Statistics to prove anything: September 2013

In a previous post I show how one can use custom pch values to represent different data types. I've long wanted to be able to take a custom image and use that to represent the data. I recently discovered the rasterImage function in R, which allows the user to take an image and plot it! There are various examples out there of using RasterImage (such as RJournal_2011-1_Murrell.pdf), but I didn't find anything that did exactly what I wanted it to do

the tricky part is that rasterImage requires you to define the 4 boundaries of the image. The goal is then to be able to define the boundaries by only specifying an x, y coordinate, and have code smart enough to display the image with the appropriate dimensions

Here are the required packages

library(RCurl)  #for reading file from a URL

## Loading required package: bitops

library(png)  #for reading in a .png, use library(jpeg) for a .jpg

The function I wrote takes the image, the (x,y) coordinates of where you want to plot your image, and for now a cex and a pos argument. I intend on expanding the options, and hopefully will improve these functionalities over time.
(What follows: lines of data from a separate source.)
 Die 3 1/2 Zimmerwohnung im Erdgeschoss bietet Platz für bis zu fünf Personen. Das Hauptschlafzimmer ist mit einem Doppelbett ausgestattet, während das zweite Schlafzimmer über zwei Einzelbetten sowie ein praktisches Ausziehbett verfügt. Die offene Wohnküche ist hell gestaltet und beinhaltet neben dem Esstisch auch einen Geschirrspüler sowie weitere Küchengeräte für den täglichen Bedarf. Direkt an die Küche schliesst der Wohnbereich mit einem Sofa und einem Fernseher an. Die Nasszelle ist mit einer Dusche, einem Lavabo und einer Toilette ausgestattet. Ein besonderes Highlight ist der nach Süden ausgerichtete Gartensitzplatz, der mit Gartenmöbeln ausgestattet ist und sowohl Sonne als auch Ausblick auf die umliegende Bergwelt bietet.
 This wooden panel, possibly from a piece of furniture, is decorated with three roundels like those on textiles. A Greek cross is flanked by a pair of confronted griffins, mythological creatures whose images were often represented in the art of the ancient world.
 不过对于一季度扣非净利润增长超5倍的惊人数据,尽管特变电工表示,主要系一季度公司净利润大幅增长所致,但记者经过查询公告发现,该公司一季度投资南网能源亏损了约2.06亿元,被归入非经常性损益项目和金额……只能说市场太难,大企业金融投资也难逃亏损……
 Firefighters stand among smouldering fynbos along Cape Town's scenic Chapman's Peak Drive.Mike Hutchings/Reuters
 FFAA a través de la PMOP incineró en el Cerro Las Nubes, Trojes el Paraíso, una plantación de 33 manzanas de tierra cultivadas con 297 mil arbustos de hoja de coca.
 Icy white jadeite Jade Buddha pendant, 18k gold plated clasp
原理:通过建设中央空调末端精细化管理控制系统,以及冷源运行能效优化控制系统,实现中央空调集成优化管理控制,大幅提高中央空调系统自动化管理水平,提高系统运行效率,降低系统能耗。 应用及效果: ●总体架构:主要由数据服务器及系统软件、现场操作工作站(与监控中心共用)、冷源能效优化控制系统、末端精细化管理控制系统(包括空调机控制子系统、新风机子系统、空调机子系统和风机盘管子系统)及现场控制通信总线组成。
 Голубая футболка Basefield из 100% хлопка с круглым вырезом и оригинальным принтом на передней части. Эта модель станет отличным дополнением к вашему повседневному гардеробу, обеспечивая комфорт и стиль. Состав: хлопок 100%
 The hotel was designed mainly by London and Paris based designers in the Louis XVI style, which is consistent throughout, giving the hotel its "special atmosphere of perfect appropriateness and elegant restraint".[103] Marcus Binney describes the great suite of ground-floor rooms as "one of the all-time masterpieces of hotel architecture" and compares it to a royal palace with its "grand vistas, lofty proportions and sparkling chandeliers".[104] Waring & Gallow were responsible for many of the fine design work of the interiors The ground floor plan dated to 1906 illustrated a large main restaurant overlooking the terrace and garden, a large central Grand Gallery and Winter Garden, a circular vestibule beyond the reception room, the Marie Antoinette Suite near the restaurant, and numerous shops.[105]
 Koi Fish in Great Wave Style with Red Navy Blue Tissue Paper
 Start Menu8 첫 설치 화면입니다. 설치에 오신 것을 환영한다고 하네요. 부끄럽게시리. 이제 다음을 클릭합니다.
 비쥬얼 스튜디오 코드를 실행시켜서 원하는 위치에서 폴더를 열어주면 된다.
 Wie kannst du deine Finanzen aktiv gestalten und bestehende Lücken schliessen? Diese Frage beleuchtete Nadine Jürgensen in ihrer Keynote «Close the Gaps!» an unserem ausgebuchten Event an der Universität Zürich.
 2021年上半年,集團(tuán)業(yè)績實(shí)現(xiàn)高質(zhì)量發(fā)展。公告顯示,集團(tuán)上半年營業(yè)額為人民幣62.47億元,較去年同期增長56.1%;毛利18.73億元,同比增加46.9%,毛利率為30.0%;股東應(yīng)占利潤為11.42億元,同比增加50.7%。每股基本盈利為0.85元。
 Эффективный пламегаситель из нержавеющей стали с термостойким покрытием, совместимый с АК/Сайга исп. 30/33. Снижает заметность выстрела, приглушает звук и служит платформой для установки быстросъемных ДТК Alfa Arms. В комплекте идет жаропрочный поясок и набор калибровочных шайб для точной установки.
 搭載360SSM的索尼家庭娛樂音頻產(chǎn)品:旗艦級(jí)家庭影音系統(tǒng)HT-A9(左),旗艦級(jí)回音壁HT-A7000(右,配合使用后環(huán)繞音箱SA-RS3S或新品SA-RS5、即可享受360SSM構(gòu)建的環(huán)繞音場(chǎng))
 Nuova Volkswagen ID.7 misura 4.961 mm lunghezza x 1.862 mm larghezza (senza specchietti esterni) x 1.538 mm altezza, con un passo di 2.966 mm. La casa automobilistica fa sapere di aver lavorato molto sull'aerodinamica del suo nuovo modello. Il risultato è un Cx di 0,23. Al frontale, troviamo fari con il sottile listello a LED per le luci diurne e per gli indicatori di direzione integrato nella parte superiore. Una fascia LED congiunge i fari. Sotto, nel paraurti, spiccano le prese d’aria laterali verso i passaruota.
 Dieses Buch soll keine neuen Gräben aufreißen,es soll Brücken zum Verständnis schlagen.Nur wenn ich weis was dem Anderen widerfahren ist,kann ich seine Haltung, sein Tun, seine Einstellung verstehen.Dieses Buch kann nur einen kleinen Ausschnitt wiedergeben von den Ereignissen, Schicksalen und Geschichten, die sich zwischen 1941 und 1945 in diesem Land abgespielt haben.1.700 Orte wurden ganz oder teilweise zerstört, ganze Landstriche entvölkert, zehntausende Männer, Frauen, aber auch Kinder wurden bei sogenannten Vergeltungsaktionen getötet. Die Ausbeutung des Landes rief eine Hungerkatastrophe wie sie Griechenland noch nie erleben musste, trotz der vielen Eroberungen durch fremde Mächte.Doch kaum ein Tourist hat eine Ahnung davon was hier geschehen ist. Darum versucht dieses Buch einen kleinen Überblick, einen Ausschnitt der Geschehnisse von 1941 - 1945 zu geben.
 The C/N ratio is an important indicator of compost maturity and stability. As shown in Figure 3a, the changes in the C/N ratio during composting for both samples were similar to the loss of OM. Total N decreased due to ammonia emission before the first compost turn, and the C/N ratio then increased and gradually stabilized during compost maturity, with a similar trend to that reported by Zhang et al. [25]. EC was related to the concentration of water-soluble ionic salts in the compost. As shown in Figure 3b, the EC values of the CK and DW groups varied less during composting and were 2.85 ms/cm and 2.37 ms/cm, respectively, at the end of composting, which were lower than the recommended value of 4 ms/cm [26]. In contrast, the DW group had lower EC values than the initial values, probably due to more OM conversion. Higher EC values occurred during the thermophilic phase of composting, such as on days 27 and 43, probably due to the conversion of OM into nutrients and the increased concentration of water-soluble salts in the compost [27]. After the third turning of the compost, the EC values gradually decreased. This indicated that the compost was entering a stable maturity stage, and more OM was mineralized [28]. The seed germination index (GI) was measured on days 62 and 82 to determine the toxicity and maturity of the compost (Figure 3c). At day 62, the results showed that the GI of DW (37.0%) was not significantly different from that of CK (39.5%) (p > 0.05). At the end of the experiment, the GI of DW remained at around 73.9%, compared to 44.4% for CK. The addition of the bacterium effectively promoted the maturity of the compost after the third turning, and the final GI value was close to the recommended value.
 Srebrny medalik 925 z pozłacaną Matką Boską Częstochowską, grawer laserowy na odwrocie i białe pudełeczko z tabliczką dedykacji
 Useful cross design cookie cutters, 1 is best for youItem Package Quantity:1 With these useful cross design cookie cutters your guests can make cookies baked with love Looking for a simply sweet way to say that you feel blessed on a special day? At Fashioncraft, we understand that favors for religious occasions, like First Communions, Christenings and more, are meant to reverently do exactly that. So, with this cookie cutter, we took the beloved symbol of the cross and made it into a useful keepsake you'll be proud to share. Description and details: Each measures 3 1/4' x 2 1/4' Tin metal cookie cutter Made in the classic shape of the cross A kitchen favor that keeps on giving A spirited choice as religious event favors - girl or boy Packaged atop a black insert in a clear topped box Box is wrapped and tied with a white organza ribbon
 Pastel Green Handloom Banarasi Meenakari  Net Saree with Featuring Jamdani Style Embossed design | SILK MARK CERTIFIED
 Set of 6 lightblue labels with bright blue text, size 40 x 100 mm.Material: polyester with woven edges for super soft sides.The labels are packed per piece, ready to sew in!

image_points = function(image, x, y, cex = 1, pos = NULL) {
    if (length(x) != length(y)) {
        stop("length(x)!=length(y): check your data")
    }
    dim.x = dim(image)[2]  #image width
    dim.y = dim(image)[1]  #image height
    if (dim.x == dim.y) {
        # obtian the ratio of width to height or height to width
        ratio.x = ratio.y = 1
    } else if (dim.x < dim.y) {
        ratio.x = dim.x/dim.y
        ratio.y = 1
    } else {
        ratio.x = 1
        ratio.y = dim.y/dim.x
    }
    cex = cex/10  #how large the image should be, divided by 10 so that it matches more closely to plotting points
    pin = par()$pin  #pin provides the width and height of the _active graphic device_
    pin.ratio = pin/max(pin)  #take the ratio
    usr = par()$usr  #usr provides the lower.x, lower.y, upper.x, upper.y values of the plotable region

    # combine the active device dimensions, the image dimensions, and the
    # desired output size
    image.size.y = (usr[4] - usr[3]) * pin.ratio[1] * cex
    image.size.x = (usr[2] - usr[1]) * pin.ratio[2] * cex
    for (i in 1:length(x)) {
        # plot each point pos can be NULL (default) or 1, 2, 3, or 4, corresponding
        # to centered (defualt), bottom, left, top, right, respectively.
        if (is.null(pos)) {
            # centered at (x,y), define the bottom/top and left/right boundaries of the
            # image
            x.pos = c(x[i] - (image.size.x * ratio.x)/2, x[i] + (image.size.x * 
                ratio.x)/2)
            y.pos = c(y[i] - (image.size.y * ratio.y)/2, y[i] + (image.size.y * 
                ratio.y)/2)

            rasterImage(image, x.pos[1], y.pos[1], x.pos[2], y.pos[2])
        } else if (pos == 1) {
            x.pos = c(x[i] - (image.size.x * ratio.x)/2, x[i] + (image.size.x * 
                ratio.x)/2)
            y.pos = c(y[i] - (image.size.y * ratio.y), y[i])
        } else if (pos == 2) {
            x.pos = c(x[i] - (image.size.x * ratio.x), x[i])
            y.pos = c(y[i] - (image.size.y * ratio.y)/2, y[i] + (image.size.y * 
                ratio.y)/2)
        } else if (pos == 3) {
            x.pos = c(x[i] - (image.size.x * ratio.x)/2, x[i] + (image.size.x * 
                ratio.x)/2)
            y.pos = c(y[i], y[i] + (image.size.y * ratio.y))
        } else if (pos == 4) {
            x.pos = c(x[i], x[i] + (image.size.x * ratio.x))
            y.pos = c(y[i] - (image.size.y * ratio.y)/2, y[i] + (image.size.y * 
                ratio.y)/2)
        }

        rasterImage(image, x.pos[1], y.pos[1], x.pos[2], y.pos[2])  #plot image
    }
}

I pulled an image from sweetclipart.com using getURLContent() and readPNG()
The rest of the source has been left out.